Judging from this thread, clearly YMMV but I really wish there was more discussion of the fucked up aspects of this film in regards to Mako's characterization.

DA

(Anonymous) 2013-10-08 02:07 am (UTC)(link)
Or maybe Raleigh is an intensely damaged young man and is shown to be defensive as hell to everyone from and he would have said exactly the same thing to ANYONE who criticizes him from Chuck all the way up to Pentecost.

It's nothing to do with Mako being a woman and everything to do with Raleigh being stuck in his own head.

As for the other: Think about it for a moment. If YOU had been given a machine that locked into your head and fought in it for months. Had felt your brother DIE in that machine, and then someone who'd never piloted that machine was in it with you? Would you not try to help them, too? Again, nothing to do with Mako being female and everything to do with the fact that GD is Raleigh's baby. Even if, in the end, Mako knew more about it than he did, thanks to the upgrades.

DDA

(Anonymous) 2013-10-08 02:35 am (UTC)(link)
Very possibly I'm making a mistake by jumping into this when I'm completely and utterly unfamiliar with the fandom, but I'm noticing that you keep responding in this thread with in-universe justifications. These may be perfectly valid points; it's entirely possible that these two characters with their various traits and backgrounds wouldn't conceivably interact any other way... but at the same time, those interactions and personalities were deliberately chosen by someone, and they could just as easily have written them in ways where they would have reacted differently or teamed them up with other characters instead of throwing them together.

The results may be inevitable on the characters' level, but the writers could have taken the narrative in a variety of other directions. There are any number of stories that could have been told here, and they chose this one.

Re: DDA

(Anonymous) 2013-10-08 04:23 am (UTC)(link)
anon the ayrt is rt (if that makes any sense)

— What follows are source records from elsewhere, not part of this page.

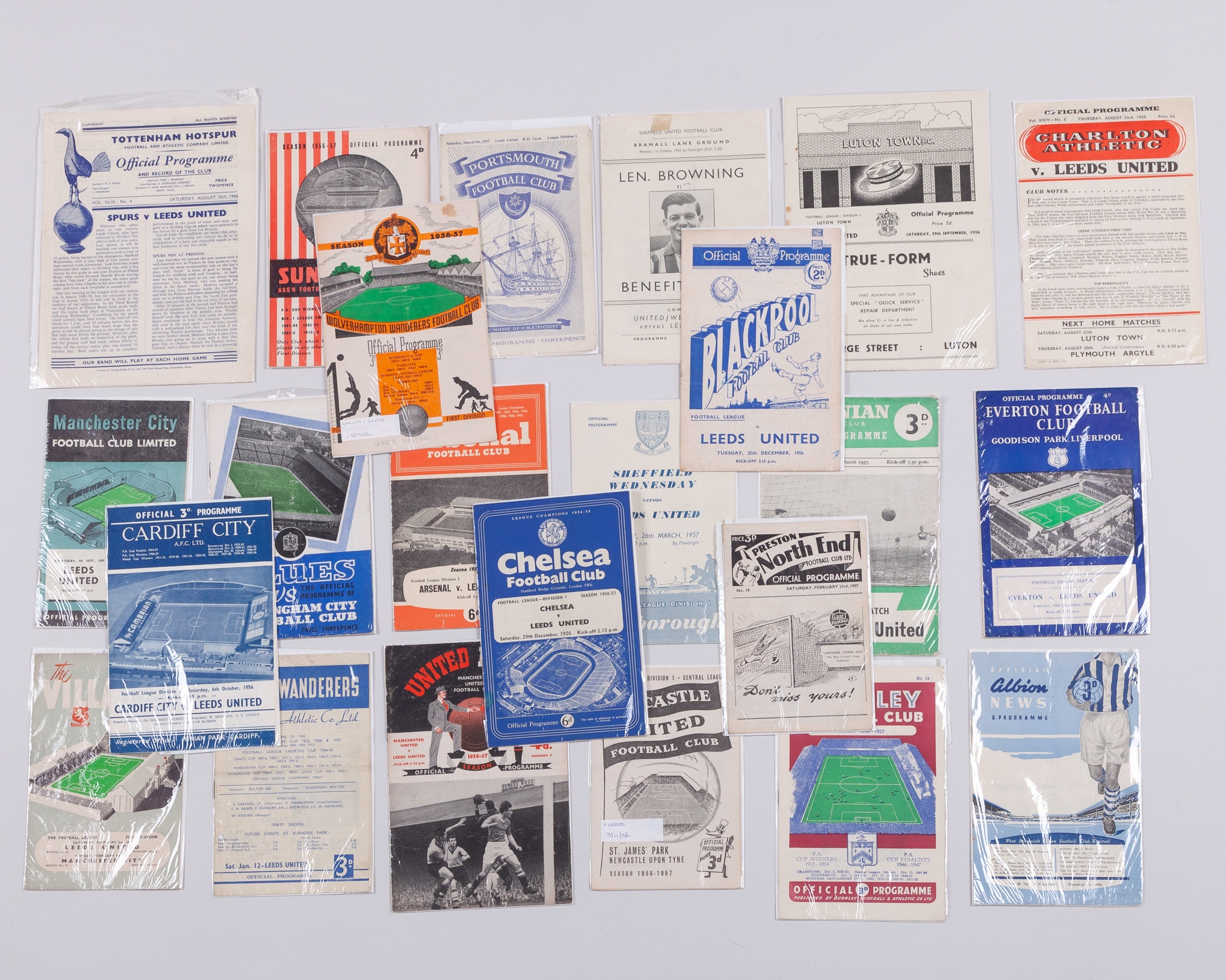 Complete run of Leeds United away match programmes, 1956-57, including Bolton Wanderers, 12th January 1957, punch holes, Hibernian v. Leeds United, 18th March 1957 and Combined United/Wednesday XI v. Leeds United, Len Browning Benefit match programme, 1st October 1956, folds, some text (23)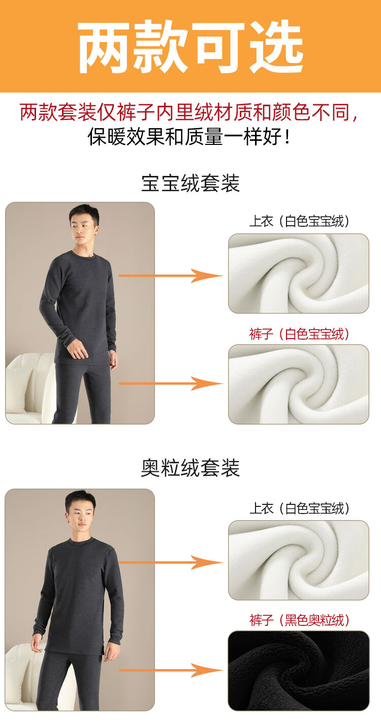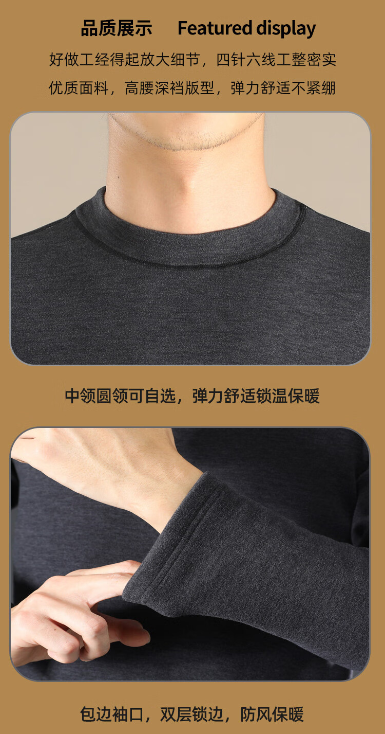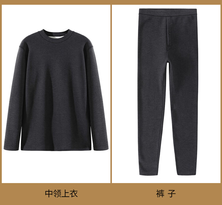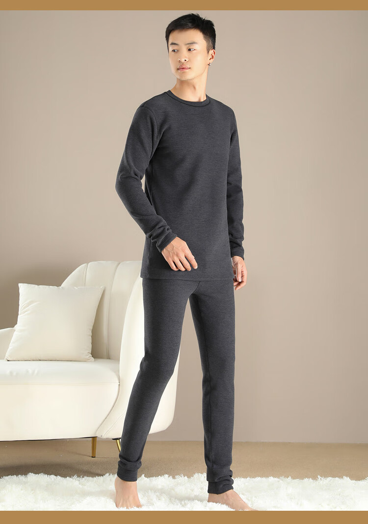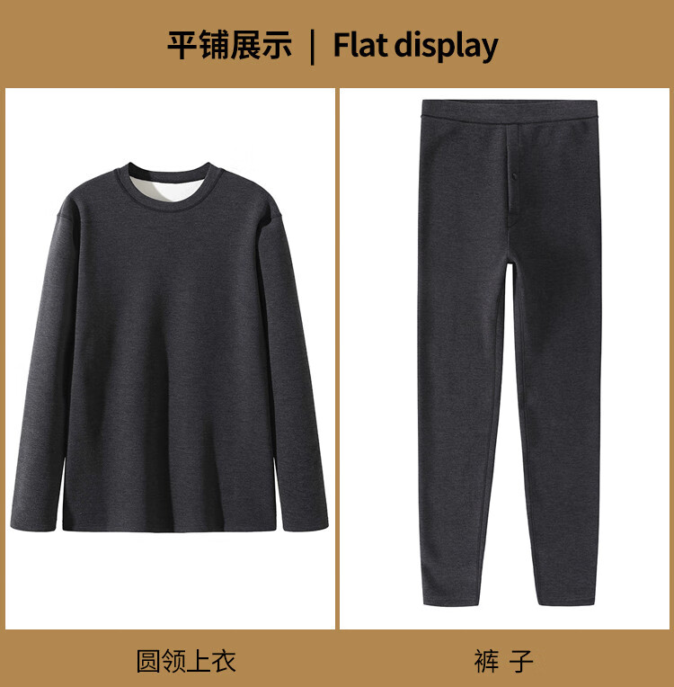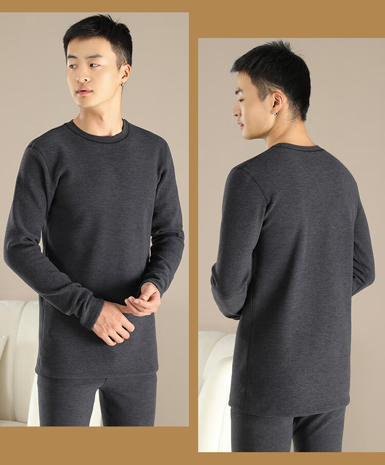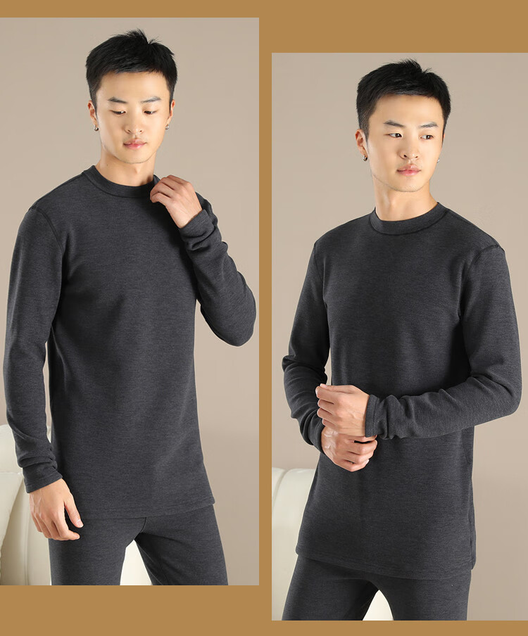 JEEP SPIRIT高个子男士保暖内衣套装加长版115cm120cm冬季加绒加厚中领保暖衣 黑灰-圆领+裤长115cm【宝宝绒套装】 5XL 【215-240斤】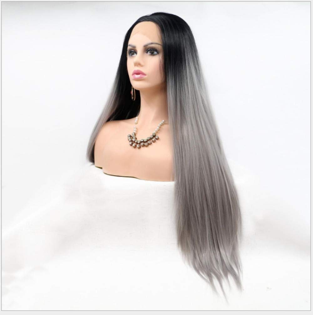BGHJUE Wig Accessories Long Natural Wigs For Women Side Parting Highlighted Synthetic Wig High Temperature Fiber Breathable Wig Cap Gray Long Straight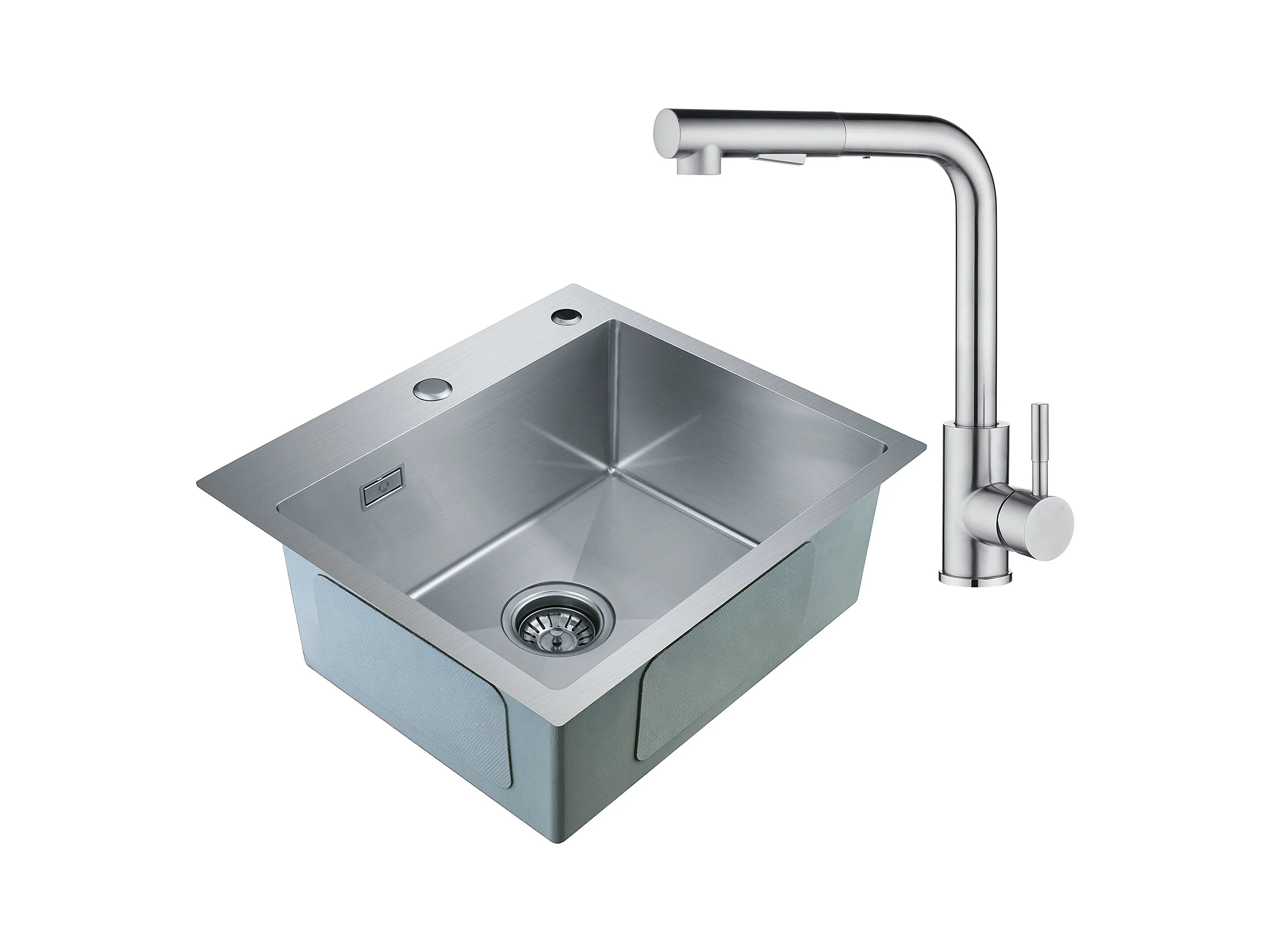 Cecipa max 2 en 1 Évier 1 Bac Inox 50 x 45 x 18,5 cm + Robinet de Cuisine Inox Extractible Chrome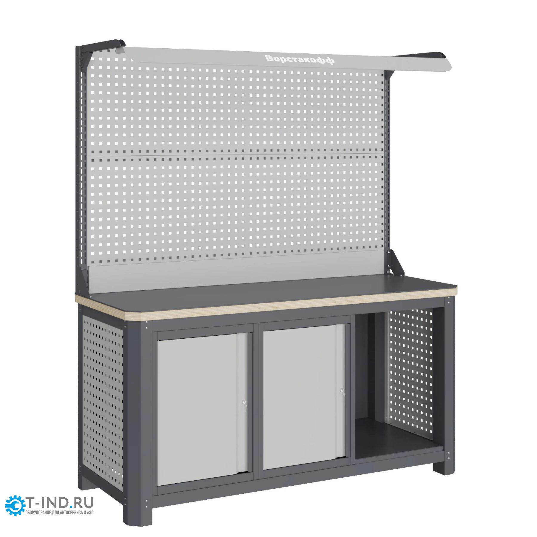 Верстак слесарный Верстакофф MCN 1552.S77.1-2F, 2 тумбы с дверцами, с дв. экраном, подсветка

YES, EXACTLY. This is what I mean. My problem is that there were SO many different ways for the lone female character with lines in this film to have been handled and for the other male characters to interact with her that would still have made sense within this universe and yet the writer/TPTB/whoever chose to execute it in such a way that it comes across, whether unintentionally or not, really patronizing and downright offensive.

Totally DA

(Anonymous) 2013-10-08 11:25 am (UTC)(link)
I know you are trying to speak about trends, but I think you're wrong with PR. The only way that relationship could have been handled any way else would be to switch the genders of Mako and Raleigh. If you think that the very act of Del Toro choosing Raleigh as the seasoned pilot was sexist*, then I guess your point can stand. Otherwise I can't see how it does.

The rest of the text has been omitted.